- WHAT YOU WILL DO: Don't include pictures. Quote the lines below from the first through the line that contains "華文眾合培訓(xùn)師前往".

- Stored dataset items:
####################

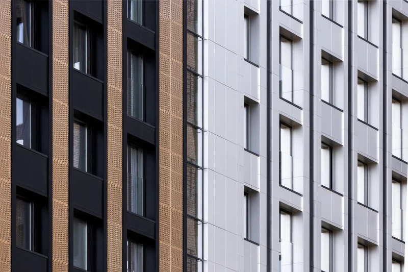 Начаты работы по облицовке фасадов. На низкоэтажных секциях выполняется укладка клинкерной плитки — экологичного и долговечного материала. На высотных секциях параллельно проходит монтаж фасада с использованием алюминиевых кассет, что придаст архитектуре комплекса технологичный облик.
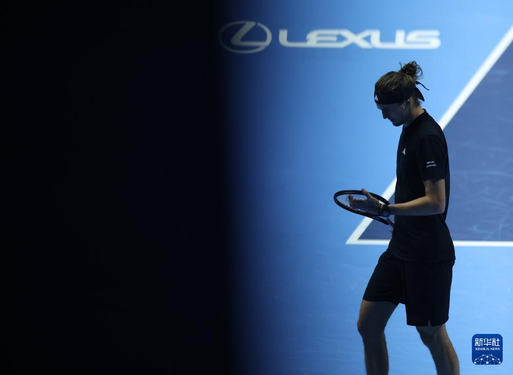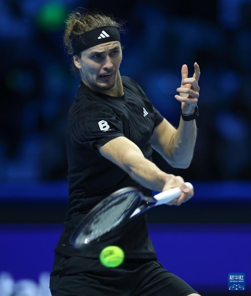 11月14日,德国选手兹韦列夫在比赛中回球。
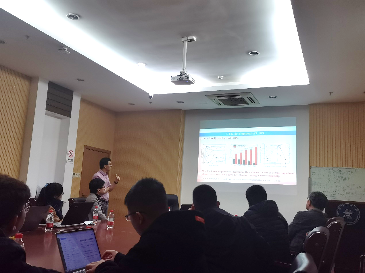 11月11日下午,武汉大学土木建筑工程学院教授于清亮应我院教师刘清风邀请访问欧美a片 土木工程系,并在木兰楼A211会议室做了题为“可持续冲击超高性能混凝土研究进展”的专题讲座。欧美a片 副院长杨健,土木工程系教师刘宜平、陈兵、何军、胡黎俐等30余名从事混凝土结构材料研究的师生代表出席了报告会。
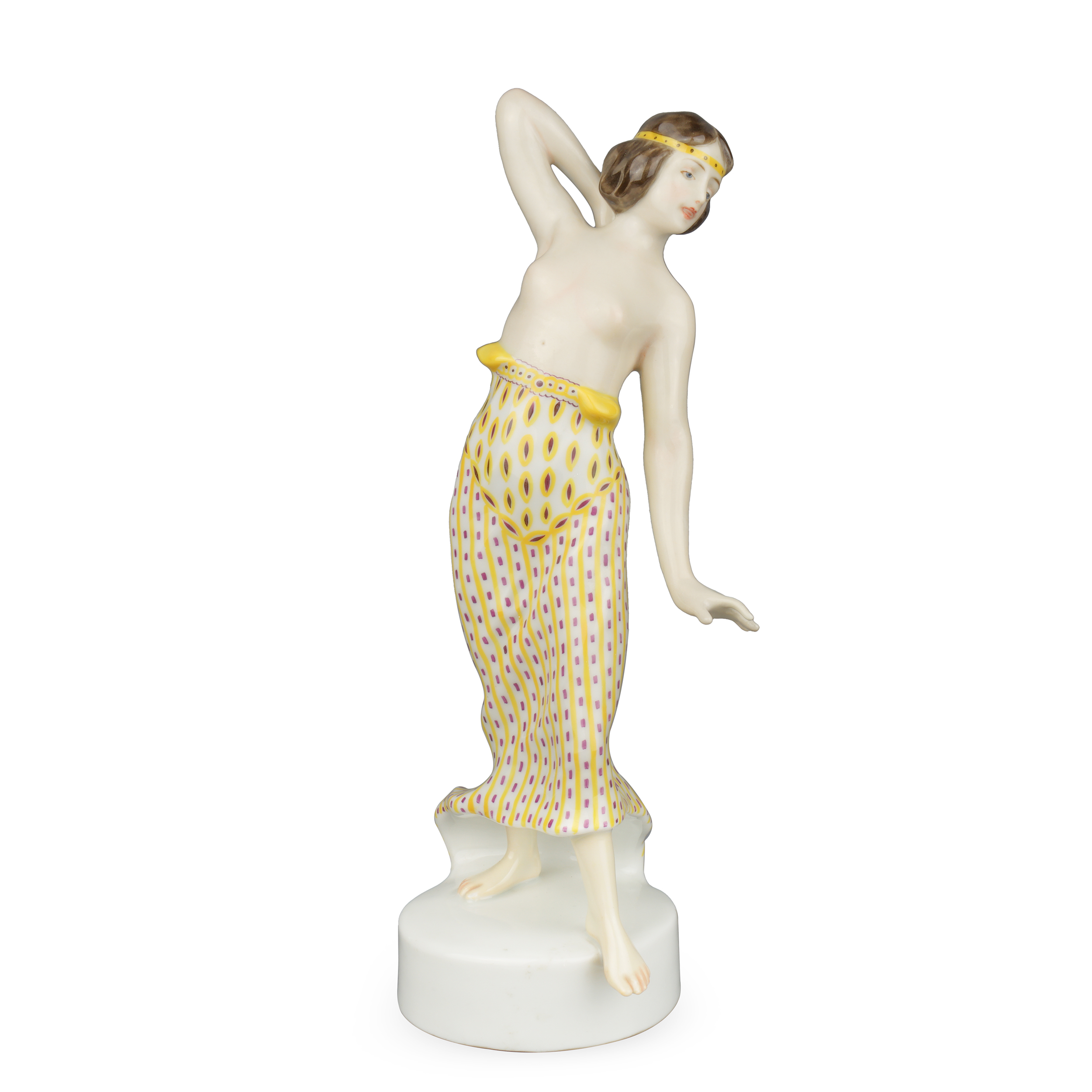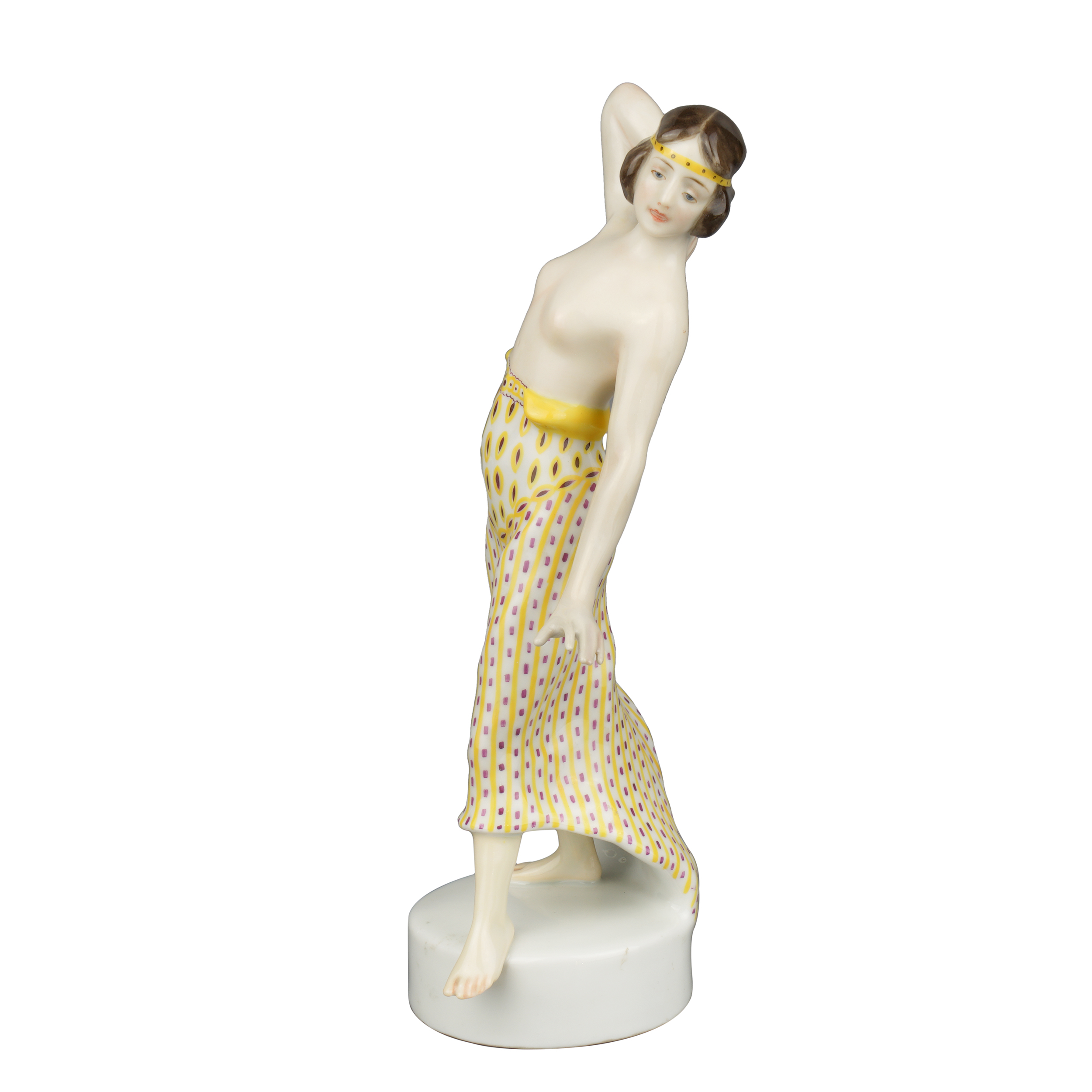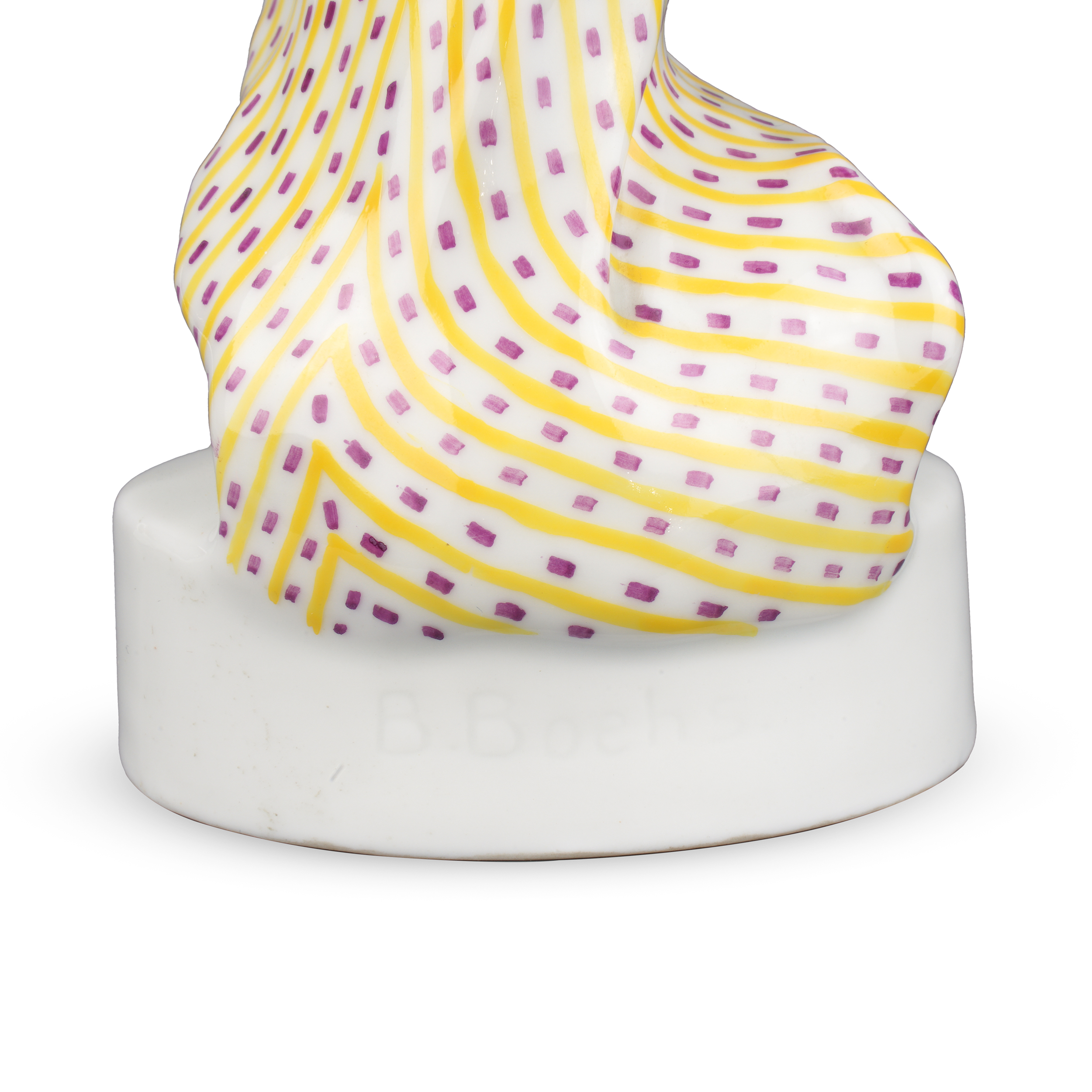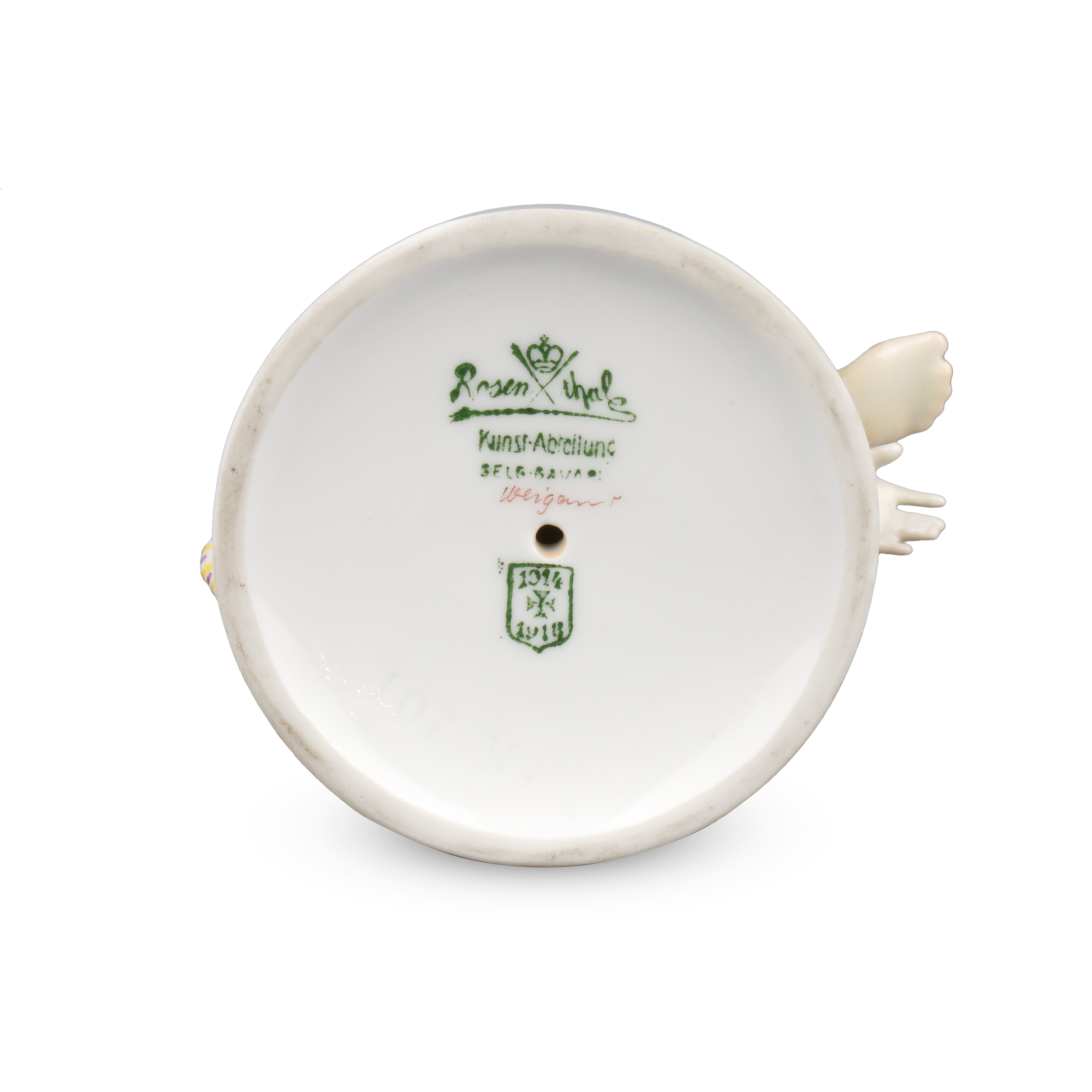 Фарфор, лепка, полихромная подглазурная роспись, марка: зеленым печатью подглазурная "Rosenthal Kunst-Abteilung Selb Bavaria" под короной, подпись в тесте «B. Boess», автор модели Бертольд Босс (Berthold Boess, 1887-1957), Розенталь (Rosenthal), Германия, 1930 год, высота - 24 см. Редкий коллекционный экземпляр.
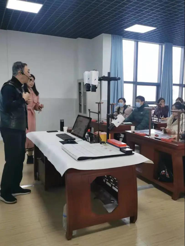 華文眾合培訓(xùn)師前往孝感市為七所學(xué)校的老師們講解華文眾合智慧書法教室的使用方法,并與老師們交流書法教學(xué)上的心得體會(huì)。
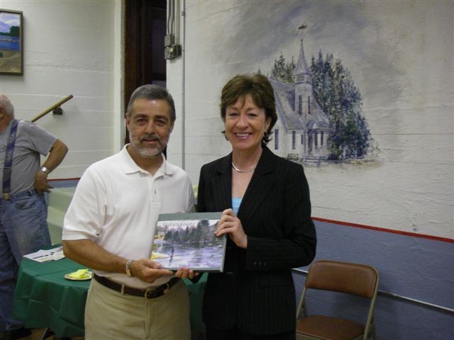 ![]() A large, handsome female landlocked salmon is handled by Maine IF& W biologists. Every aspect of the Landlocked Salmon's ecology and management are detailed in Chapter One. ![]() The author remembers...A 1974 visit is enshrined in his memory. Can the world ever look any better than this? Chapter Two, plus Stacy LaBare's beautiful hand-rendered map guides you up and down the river. ![]() "Helping out nature" as Maine IF&W Grand Lake Stream Hatchery Manager, Dave Marsanskis calls it. Ripe females are relieved of their eggs in early November. The GLS hatchery is a world-class facility. Read all about it in Chapter Three ![]() A female Ephemerella subvaria or Hendrickson, as anglers know it. One of the fly fisherman's favorites, salmon love them, too! Chapter Five has much more on GLS hatches for the fisherman and nature lover. ![]() Many celebrities have enjoyed fine fishing and the sporting life at Grand Lake Stream. Here, Baseball great Ted Williams and entertainer "Buffalo Bob" Smith, famous for his Howdy Doody puppet act, celebrate a catch. See Chapter Six for more fascinating history and personalities. ![]() The author presents an advance copy of Tagewahnahn to Maine U.S. Senator Susan Collins at an August 13 visit to Grand Lake Stream.
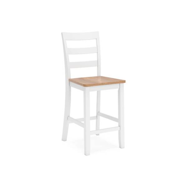 This counter height dining set features a chic two-tone design with a natural mango wood finish and crisp white accents, offering comfort, style, and versatility for everyday use. Seats four.
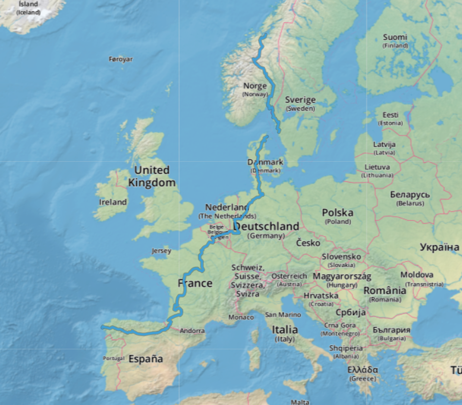L’EuroVelo 3 est un parcours de 5.600 km qui va de Trondheim en Norvège à Saint-Jacques-de-Compostelle en Espagne, en empruntant quelques-unes des plus célèbres routes de pèlerinage européennes jalonnées de quelques-uns des édifices religieux les plus impressionnants du continent, dont les cathédrales de Cologne, Aix-la-Chapelle et Saint-Jacques de Compostelle. L’itinéraire se termine au cap Finisterre, considéré comme la fin du monde connu pendant de nombreux siècles.

####################

- ANSWER BELOW:
 Начаты работы по облицовке фасадов. На низкоэтажных секциях выполняется укладка клинкерной плитки — экологичного и долговечного материала. На высотных секциях параллельно проходит монтаж фасада с использованием алюминиевых кассет, что придаст архитектуре комплекса технологичный облик.
 11月14日,德国选手兹韦列夫在比赛中回球。
 11月11日下午,武汉大学土木建筑工程学院教授于清亮应我院教师刘清风邀请访问欧美a片 土木工程系,并在木兰楼A211会议室做了题为“可持续冲击超高性能混凝土研究进展”的专题讲座。欧美a片 副院长杨健,土木工程系教师刘宜平、陈兵、何军、胡黎俐等30余名从事混凝土结构材料研究的师生代表出席了报告会。
 Фарфор, лепка, полихромная подглазурная роспись, марка: зеленым печатью подглазурная "Rosenthal Kunst-Abteilung Selb Bavaria" под короной, подпись в тесте «B. Boess», автор модели Бертольд Босс (Berthold Boess, 1887-1957), Розенталь (Rosenthal), Германия, 1930 год, высота - 24 см. Редкий коллекционный экземпляр.
 華文眾合培訓(xùn)師前往孝感市為七所學(xué)校的老師們講解華文眾合智慧書法教室的使用方法,并與老師們交流書法教學(xué)上的心得體會(huì)。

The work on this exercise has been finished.